* Assignment *
Give the data below again exactly as written, but without the pictures.

§

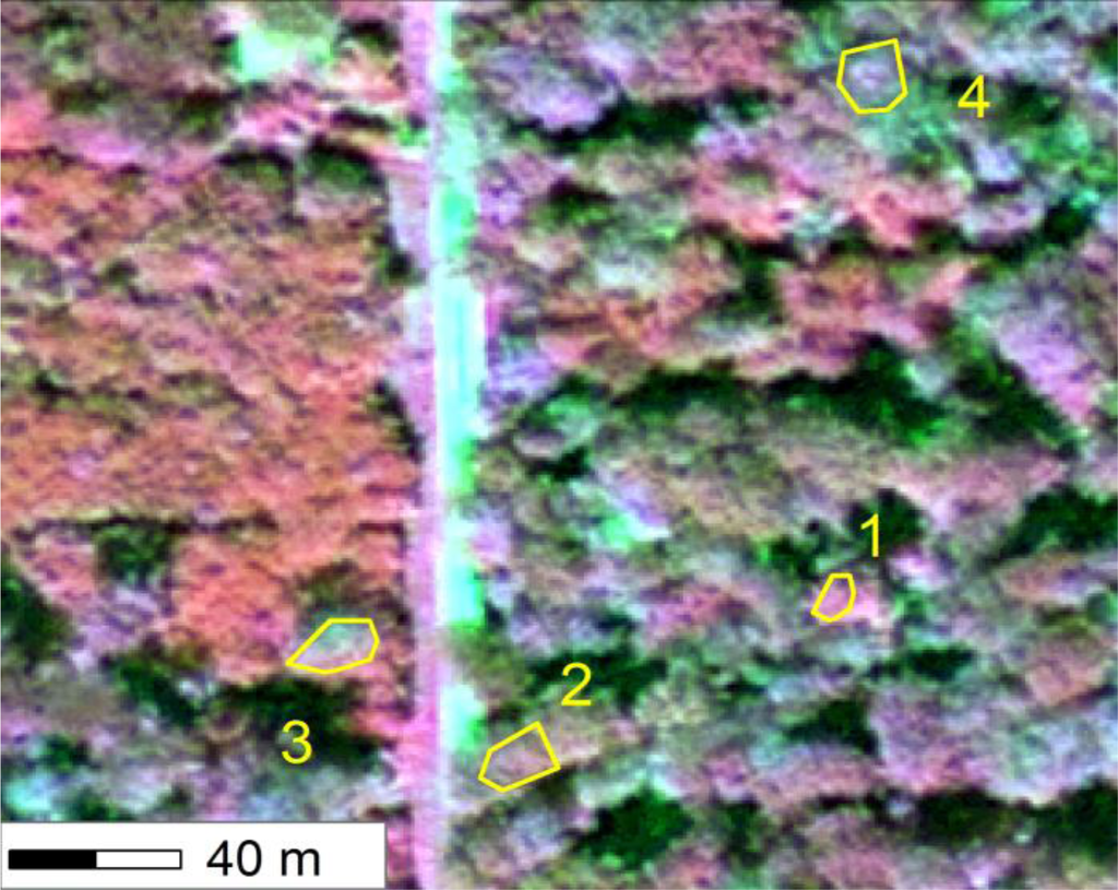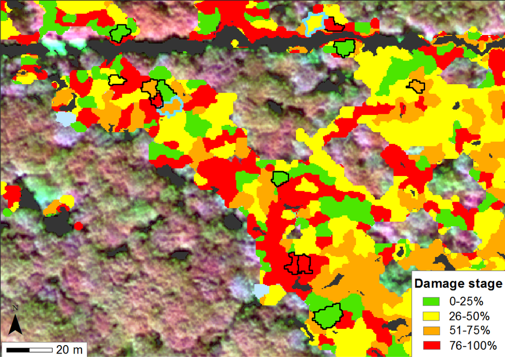 In addition to the tree species map, the predicted damages of ash based on the classification model producing highest overall accuracies (see Table 8) were also visually inspected and compared with the WV-2 orthoimage and also with the corresponding Nikon D300s RGB/CIR aerial images. The inspections confirmed that the damage levels 1 (<25% destroyed foliage), also 3 (50%–<75%) and 4 (75%–100%) are generally well classified when using the LDA of both the image bands and the RSIs as explanatory variables. Problems mainly occur when classifying damage level 2 (25%–<50%), where segments are more often misclassified as damage level 1 and level 3, though less as level 4. Thus, damage level 2 seems to have a higher in-class variance, but also to be rather similar to each other, possibly due to the slight under- or overestimation of the stereo-interpretation of the sampling, as discussed below. Examples of the mapped ash are given in Figure 7.
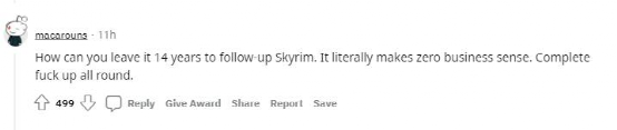 “你们怎么能时隔14年才出《上古卷轴5》的续作呢?这完全没有商业意义,全**搞砸了。”
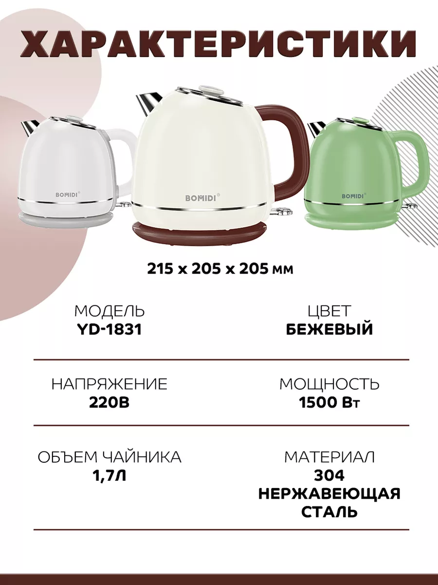 Электрический чайник BOMIDI BMD1830, 1,7 л, 1500 Вт, Бежевый,вкладыш из нержавеющей стали 304
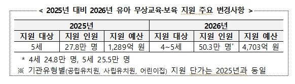 (시사미래신문) 교육부는 2026년부터 유아 무상교육·보육 지원 대상을 4~5세로 확대한다.
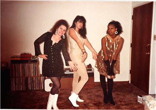 My besties Cybelle, Sonya, and Kim were also very much into the go-go dancing/punk combo, which we were convinced we had made up ourselves. While other kids thrashed in the mosh pit, my girlfriends and I were in front of the stage go-go dancing like hookers on speed.
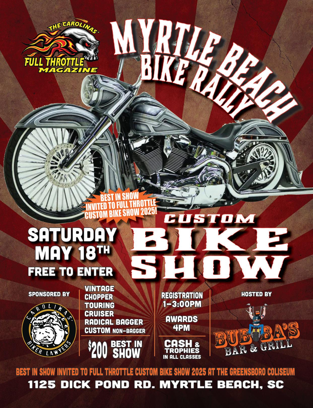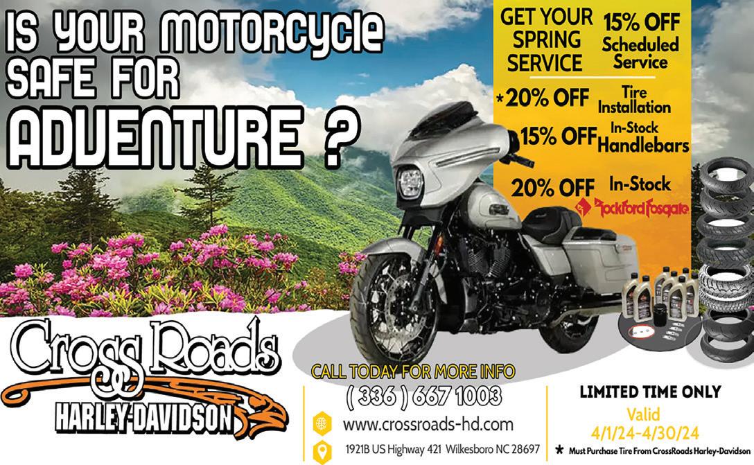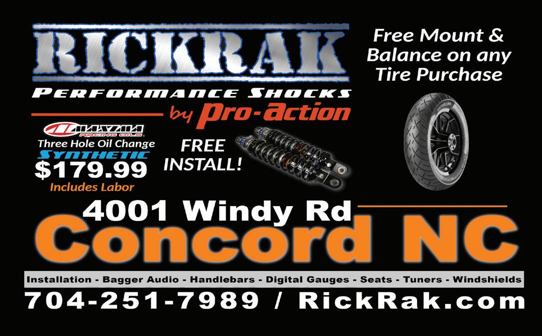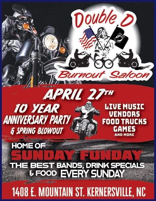 don’t know about you, but we are ready for the warm weather. It’s about time that we can just hop on the bike and leave for the day without extra layers of clothes and leather. At the same time, I’d like to skip the pollen season. But if a bandana over my face is the only extra layer I have to wear for a month, I’m ok with that. There are PLENTY of places to ride and events to attend in the April Cruisin’ Calendar on page 8. Hopefully you pick something new to attend and have an adventure. At its widest the Carolinas are around 600 miles across, that can be ridden by highway in one day if you’d like, or you can take the backroads and draw it out. We’ve got mountains, beaches and great riding roads in between! The point is, that there is a good amount of territory here in the Carolinas to explore and it’s not too far to get from one end to the other to check out something new. Whatever your riding style, get out there and put on some miles and enjoy the Carolinas from the back of a motorcycle. Make sure to take your Full Throttle Magazine with ya. It makes for some good reading or if you get in a pinch you can wipe your ass with it, just don’t get it on my picture. While you are out riding, you should check out Springers in Greensboro, NC. It is a destination biker bar that features all your favorites: Bike Nights, Parties, Live Music, Cold Drinks, Rides and all things biker. Their 4th Anniversary shindig is gonna go off on April 20th and you should make it a point to be there. If ya miss that and go to Myrtle Beach Bike Week they will be partying there as well. Read all about it in the Cover Story on page 4. We will see ya at both parties!
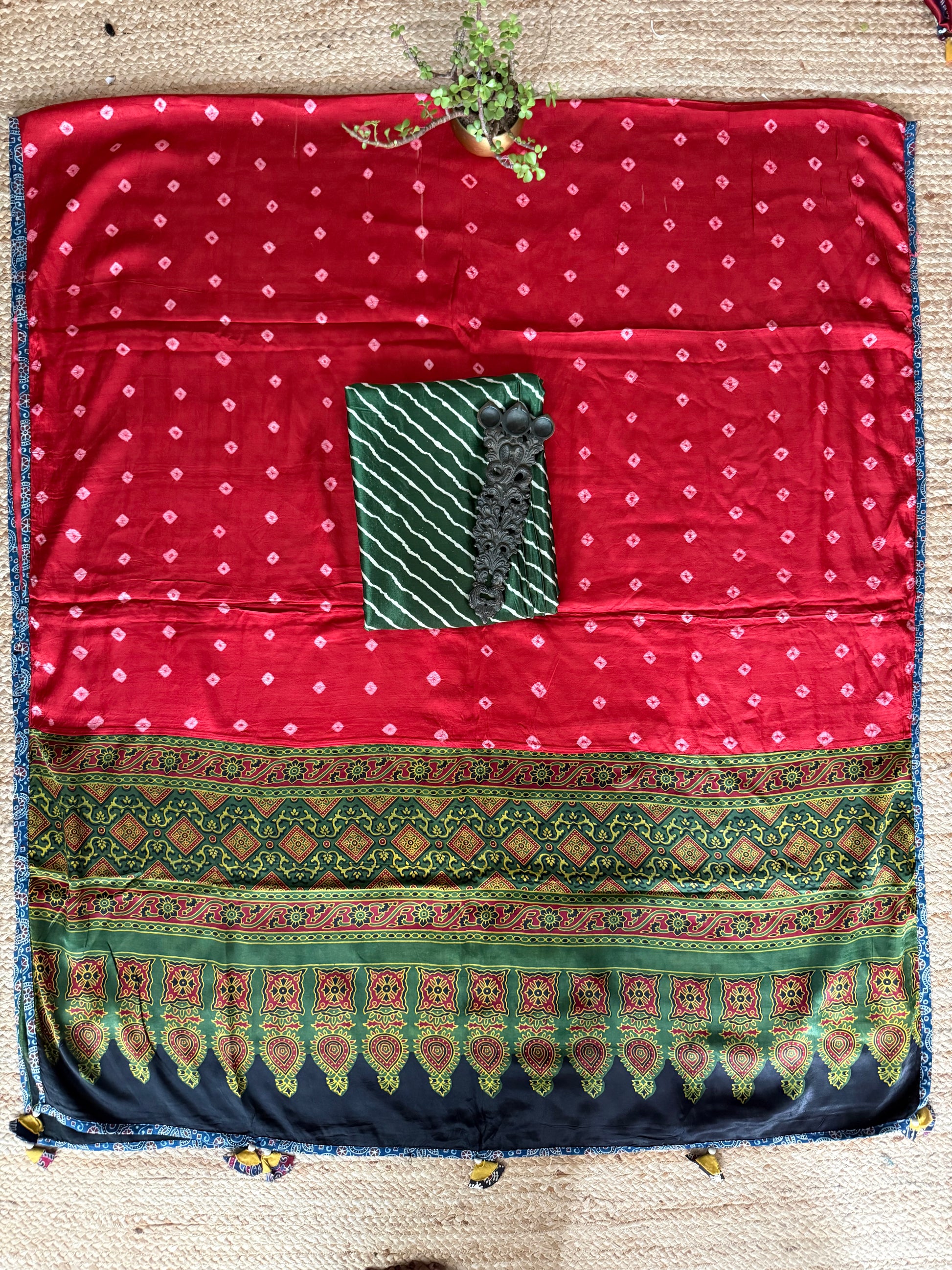 GREEN MASHRU SILK KURTA WITH AJRAKH PATCHWORK HANDCRAFTED MIRROR WORK MODAL SILK DUPATTA
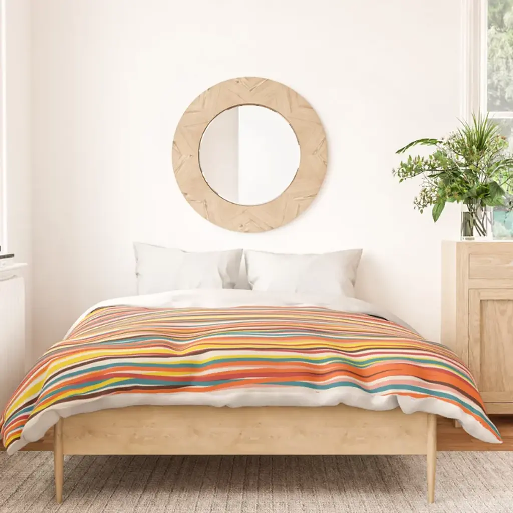 Bright Colorful Lines - Classic Abstract Minimal Retro Summer Style Stripes Duvet Cover
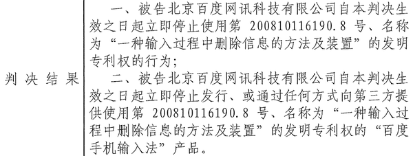 集佳代理搜狗公司處理的“一種輸入過程中刪除信息的方法及裝置”發(fā)明專利(ZL200810116190.8)無效一案,已于近日收到復(fù)審委做出的審查決定,維持專利權(quán)全部有效。該專利歷經(jīng)請求人提出的三次無效宣告請求,集佳均代理搜狗公司并獲得三次連續(xù)勝利!同時,日前北京知識產(chǎn)權(quán)法院已針對該涉案專利做出一審判決,判決百度公司立即停止侵權(quán)行為,即立即停止發(fā)行、或通過任何方式向第三方提供使用涉案專利權(quán)的“百度手機(jī)輸入法產(chǎn)品”!
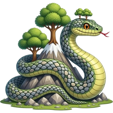 A giant snake with trees on its back and with stone on it and also rocks wrapping around a mountain emoji
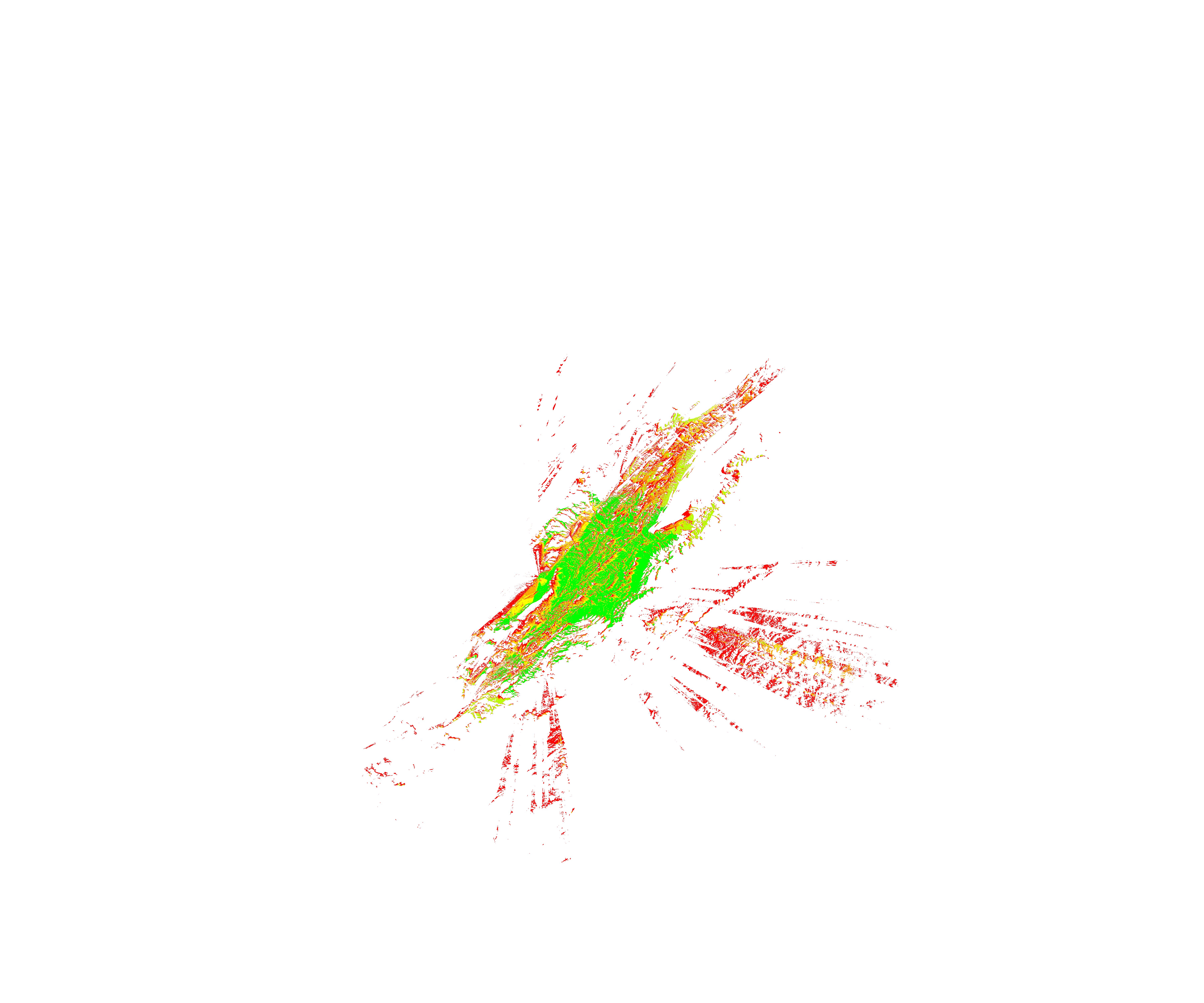 Colorful coverage map which accounts for terrain in a detailed way.
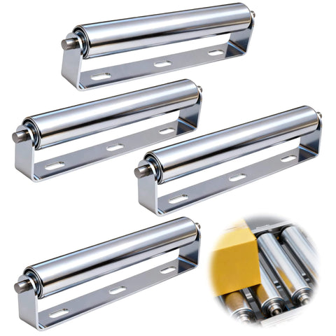 4 Sets Conveyor Rollers 10" Length 1.5" Diameter Galvanized Steel Long Roller with Bracket Set for
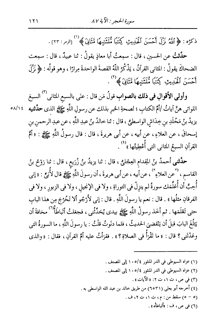 حُدِّثْتُ عَنِ الْحُسَيْنِ، قَالَ: سَمِعْتُ أَبَا مُعَاذٍ، يَقُولُ: ثنا عُبَيْدٌ، قَالَ: سَمِعْتُ الضَّحَّاكَ، يَقُولُ: " §الْمَثَانِي: الْقُرْآنُ، يَذْكُرُ اللَّهُ الْقِصَّةَ الْوَاحِدَةَ مِرَارًا، وَهُوَ قَوْلُهُ: {نَزَّلَ أَحْسَنَ الْحَدِيثِ كِتَابًا مُتَشَابِهًا مَثَانِيَ} [الزمر: 23] " وَأَوْلَى الْأَقْوَالِ فِي ذَلِكَ بِالصَّوَابِ قَوْلُ مَنْ قَالَ: عُنِيَ بِالسَّبْعِ الْمَثَانِي السَّبْعُ اللَّوَاتِي هُنَّ آيَاتُ أُمِّ الْكِتَابِ، لِصِحَّةِ الْخَبَرِ بِذَلِكَ عَنْ رَسُولِ اللَّهِ صَلَّى اللهُ عَلَيْهِ وَسَلَّمَ، الَّذِي:
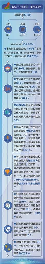以融合之“深”,强产业之“基”,见发展之“效”。“十四五”时期,重庆职业教育成果丰硕:立项建设市域产教联合体36个,备案跨区域行业产教融合共同体52个,建设市级职教集团、虚拟仿真实训基地等362个;职业学校专业对接支柱产业率达88%,为全市3大主导产业集群贡献70%以上新增劳动力,其中新一代电子信息制造业、智能装备及智能制造领域专业供给规模居首,年均输送技能人才超30万人。
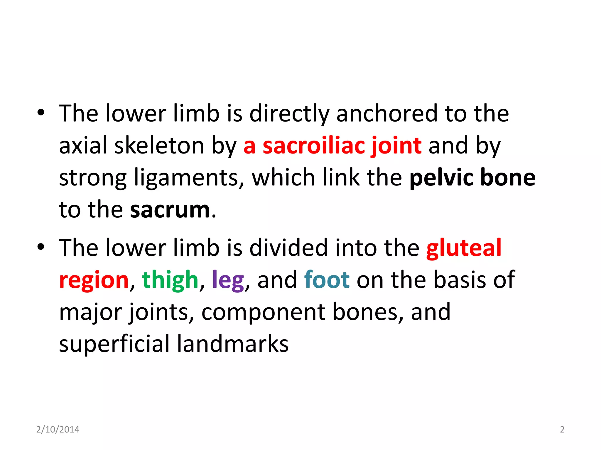 The document summarizes the anatomy of the lower extremities. It describes the bones and regions of the lower limb, including the pelvis, thigh, leg, and foot. It outlines the bones that make up the pelvis (hip bones, sacrum, coccyx), and provides details on the ilium, ischium, pubis, acetabulum, and other structures of the hip bone. It also describes the femur, including the head, neck, greater and lesser trochanters. The document emphasizes the anatomical landmarks and functional aspects of the lower extremity bones.

§

* Reply to the exercise *
 In addition to the tree species map, the predicted damages of ash based on the classification model producing highest overall accuracies (see Table 8) were also visually inspected and compared with the WV-2 orthoimage and also with the corresponding Nikon D300s RGB/CIR aerial images. The inspections confirmed that the damage levels 1 (<25% destroyed foliage), also 3 (50%–<75%) and 4 (75%–100%) are generally well classified when using the LDA of both the image bands and the RSIs as explanatory variables. Problems mainly occur when classifying damage level 2 (25%–<50%), where segments are more often misclassified as damage level 1 and level 3, though less as level 4. Thus, damage level 2 seems to have a higher in-class variance, but also to be rather similar to each other, possibly due to the slight under- or overestimation of the stereo-interpretation of the sampling, as discussed below. Examples of the mapped ash are given in Figure 7.
 “你们怎么能时隔14年才出《上古卷轴5》的续作呢?这完全没有商业意义,全**搞砸了。”
 Электрический чайник BOMIDI BMD1830, 1,7 л, 1500 Вт, Бежевый,вкладыш из нержавеющей стали 304
 (시사미래신문) 교육부는 2026년부터 유아 무상교육·보육 지원 대상을 4~5세로 확대한다.
 My besties Cybelle, Sonya, and Kim were also very much into the go-go dancing/punk combo, which we were convinced we had made up ourselves. While other kids thrashed in the mosh pit, my girlfriends and I were in front of the stage go-go dancing like hookers on speed.
 don’t know about you, but we are ready for the warm weather. It’s about time that we can just hop on the bike and leave for the day without extra layers of clothes and leather. At the same time, I’d like to skip the pollen season. But if a bandana over my face is the only extra layer I have to wear for a month, I’m ok with that. There are PLENTY of places to ride and events to attend in the April Cruisin’ Calendar on page 8. Hopefully you pick something new to attend and have an adventure. At its widest the Carolinas are around 600 miles across, that can be ridden by highway in one day if you’d like, or you can take the backroads and draw it out. We’ve got mountains, beaches and great riding roads in between! The point is, that there is a good amount of territory here in the Carolinas to explore and it’s not too far to get from one end to the other to check out something new. Whatever your riding style, get out there and put on some miles and enjoy the Carolinas from the back of a motorcycle. Make sure to take your Full Throttle Magazine with ya. It makes for some good reading or if you get in a pinch you can wipe your ass with it, just don’t get it on my picture. While you are out riding, you should check out Springers in Greensboro, NC. It is a destination biker bar that features all your favorites: Bike Nights, Parties, Live Music, Cold Drinks, Rides and all things biker. Their 4th Anniversary shindig is gonna go off on April 20th and you should make it a point to be there. If ya miss that and go to Myrtle Beach Bike Week they will be partying there as well. Read all about it in the Cover Story on page 4. We will see ya at both parties!
 GREEN MASHRU SILK KURTA WITH AJRAKH PATCHWORK HANDCRAFTED MIRROR WORK MODAL SILK DUPATTA
 Bright Colorful Lines - Classic Abstract Minimal Retro Summer Style Stripes Duvet Cover
 集佳代理搜狗公司處理的“一種輸入過程中刪除信息的方法及裝置”發(fā)明專利(ZL200810116190.8)無效一案,已于近日收到復(fù)審委做出的審查決定,維持專利權(quán)全部有效。該專利歷經(jīng)請求人提出的三次無效宣告請求,集佳均代理搜狗公司并獲得三次連續(xù)勝利!同時,日前北京知識產(chǎn)權(quán)法院已針對該涉案專利做出一審判決,判決百度公司立即停止侵權(quán)行為,即立即停止發(fā)行、或通過任何方式向第三方提供使用涉案專利權(quán)的“百度手機(jī)輸入法產(chǎn)品”!
 A giant snake with trees on its back and with stone on it and also rocks wrapping around a mountain emoji
 Colorful coverage map which accounts for terrain in a detailed way.
 4 Sets Conveyor Rollers 10" Length 1.5" Diameter Galvanized Steel Long Roller with Bracket Set for
 حُدِّثْتُ عَنِ الْحُسَيْنِ، قَالَ: سَمِعْتُ أَبَا مُعَاذٍ، يَقُولُ: ثنا عُبَيْدٌ، قَالَ: سَمِعْتُ الضَّحَّاكَ، يَقُولُ: " §الْمَثَانِي: الْقُرْآنُ، يَذْكُرُ اللَّهُ الْقِصَّةَ الْوَاحِدَةَ مِرَارًا، وَهُوَ قَوْلُهُ: {نَزَّلَ أَحْسَنَ الْحَدِيثِ كِتَابًا مُتَشَابِهًا مَثَانِيَ} [الزمر: 23] " وَأَوْلَى الْأَقْوَالِ فِي ذَلِكَ بِالصَّوَابِ قَوْلُ مَنْ قَالَ: عُنِيَ بِالسَّبْعِ الْمَثَانِي السَّبْعُ اللَّوَاتِي هُنَّ آيَاتُ أُمِّ الْكِتَابِ، لِصِحَّةِ الْخَبَرِ بِذَلِكَ عَنْ رَسُولِ اللَّهِ صَلَّى اللهُ عَلَيْهِ وَسَلَّمَ، الَّذِي:
以融合之“深”,强产业之“基”,见发展之“效”。“十四五”时期,重庆职业教育成果丰硕:立项建设市域产教联合体36个,备案跨区域行业产教融合共同体52个,建设市级职教集团、虚拟仿真实训基地等362个;职业学校专业对接支柱产业率达88%,为全市3大主导产业集群贡献70%以上新增劳动力,其中新一代电子信息制造业、智能装备及智能制造领域专业供给规模居首,年均输送技能人才超30万人。
 The document summarizes the anatomy of the lower extremities. It describes the bones and regions of the lower limb, including the pelvis, thigh, leg, and foot. It outlines the bones that make up the pelvis (hip bones, sacrum, coccyx), and provides details on the ilium, ischium, pubis, acetabulum, and other structures of the hip bone. It also describes the femur, including the head, neck, greater and lesser trochanters. The document emphasizes the anatomical landmarks and functional aspects of the lower extremity bones.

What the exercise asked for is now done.